- _Data to use_
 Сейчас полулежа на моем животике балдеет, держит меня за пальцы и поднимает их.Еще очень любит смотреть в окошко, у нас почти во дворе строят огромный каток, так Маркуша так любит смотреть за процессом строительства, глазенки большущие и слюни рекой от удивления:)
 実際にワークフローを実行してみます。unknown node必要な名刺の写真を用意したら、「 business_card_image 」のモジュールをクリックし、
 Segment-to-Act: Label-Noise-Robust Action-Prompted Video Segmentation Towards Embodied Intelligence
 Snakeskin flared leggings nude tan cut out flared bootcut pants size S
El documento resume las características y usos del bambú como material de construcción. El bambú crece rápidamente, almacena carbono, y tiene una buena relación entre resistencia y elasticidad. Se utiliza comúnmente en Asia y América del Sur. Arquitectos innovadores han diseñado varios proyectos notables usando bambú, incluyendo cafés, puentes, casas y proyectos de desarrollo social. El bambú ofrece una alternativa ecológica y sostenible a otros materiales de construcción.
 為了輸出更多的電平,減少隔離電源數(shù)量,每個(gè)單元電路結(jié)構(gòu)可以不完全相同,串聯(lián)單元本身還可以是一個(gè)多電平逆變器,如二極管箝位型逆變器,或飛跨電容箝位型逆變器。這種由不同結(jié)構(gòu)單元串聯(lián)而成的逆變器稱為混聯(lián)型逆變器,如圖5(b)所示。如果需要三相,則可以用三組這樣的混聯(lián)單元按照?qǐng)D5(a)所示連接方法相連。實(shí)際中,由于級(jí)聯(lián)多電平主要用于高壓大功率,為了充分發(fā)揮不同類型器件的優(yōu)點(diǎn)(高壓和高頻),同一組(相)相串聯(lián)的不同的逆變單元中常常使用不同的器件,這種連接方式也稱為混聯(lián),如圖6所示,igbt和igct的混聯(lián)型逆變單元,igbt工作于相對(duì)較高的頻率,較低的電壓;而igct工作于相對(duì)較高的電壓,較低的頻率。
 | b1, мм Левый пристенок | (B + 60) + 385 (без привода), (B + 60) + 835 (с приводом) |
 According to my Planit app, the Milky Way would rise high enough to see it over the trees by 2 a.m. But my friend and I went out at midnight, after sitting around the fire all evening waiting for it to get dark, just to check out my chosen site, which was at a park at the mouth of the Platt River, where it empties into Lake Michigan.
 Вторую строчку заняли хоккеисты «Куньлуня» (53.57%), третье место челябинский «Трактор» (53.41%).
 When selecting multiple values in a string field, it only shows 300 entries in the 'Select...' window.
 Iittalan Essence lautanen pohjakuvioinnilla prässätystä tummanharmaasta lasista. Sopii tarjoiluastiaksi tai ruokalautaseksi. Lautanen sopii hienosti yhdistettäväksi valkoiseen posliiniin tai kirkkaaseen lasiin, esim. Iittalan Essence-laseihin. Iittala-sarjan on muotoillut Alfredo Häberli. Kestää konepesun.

- _Aim of the task_
In full and exactly as written, the listing is to be copied again.

- _Written answer_
 Сейчас полулежа на моем животике балдеет, держит меня за пальцы и поднимает их.Еще очень любит смотреть в окошко, у нас почти во дворе строят огромный каток, так Маркуша так любит смотреть за процессом строительства, глазенки большущие и слюни рекой от удивления:)
 実際にワークフローを実行してみます。unknown node必要な名刺の写真を用意したら、「 business_card_image 」のモジュールをクリックし、
 Segment-to-Act: Label-Noise-Robust Action-Prompted Video Segmentation Towards Embodied Intelligence
 Snakeskin flared leggings nude tan cut out flared bootcut pants size S
El documento resume las características y usos del bambú como material de construcción. El bambú crece rápidamente, almacena carbono, y tiene una buena relación entre resistencia y elasticidad. Se utiliza comúnmente en Asia y América del Sur. Arquitectos innovadores han diseñado varios proyectos notables usando bambú, incluyendo cafés, puentes, casas y proyectos de desarrollo social. El bambú ofrece una alternativa ecológica y sostenible a otros materiales de construcción.
 為了輸出更多的電平,減少隔離電源數(shù)量,每個(gè)單元電路結(jié)構(gòu)可以不完全相同,串聯(lián)單元本身還可以是一個(gè)多電平逆變器,如二極管箝位型逆變器,或飛跨電容箝位型逆變器。這種由不同結(jié)構(gòu)單元串聯(lián)而成的逆變器稱為混聯(lián)型逆變器,如圖5(b)所示。如果需要三相,則可以用三組這樣的混聯(lián)單元按照?qǐng)D5(a)所示連接方法相連。實(shí)際中,由于級(jí)聯(lián)多電平主要用于高壓大功率,為了充分發(fā)揮不同類型器件的優(yōu)點(diǎn)(高壓和高頻),同一組(相)相串聯(lián)的不同的逆變單元中常常使用不同的器件,這種連接方式也稱為混聯(lián),如圖6所示,igbt和igct的混聯(lián)型逆變單元,igbt工作于相對(duì)較高的頻率,較低的電壓;而igct工作于相對(duì)較高的電壓,較低的頻率。
 | b1, мм Левый пристенок | (B + 60) + 385 (без привода), (B + 60) + 835 (с приводом) |
 According to my Planit app, the Milky Way would rise high enough to see it over the trees by 2 a.m. But my friend and I went out at midnight, after sitting around the fire all evening waiting for it to get dark, just to check out my chosen site, which was at a park at the mouth of the Platt River, where it empties into Lake Michigan.
 Вторую строчку заняли хоккеисты «Куньлуня» (53.57%), третье место челябинский «Трактор» (53.41%).
 When selecting multiple values in a string field, it only shows 300 entries in the 'Select...' window.
 Iittalan Essence lautanen pohjakuvioinnilla prässätystä tummanharmaasta lasista. Sopii tarjoiluastiaksi tai ruokalautaseksi. Lautanen sopii hienosti yhdistettäväksi valkoiseen posliiniin tai kirkkaaseen lasiin, esim. Iittalan Essence-laseihin. Iittala-sarjan on muotoillut Alfredo Häberli. Kestää konepesun.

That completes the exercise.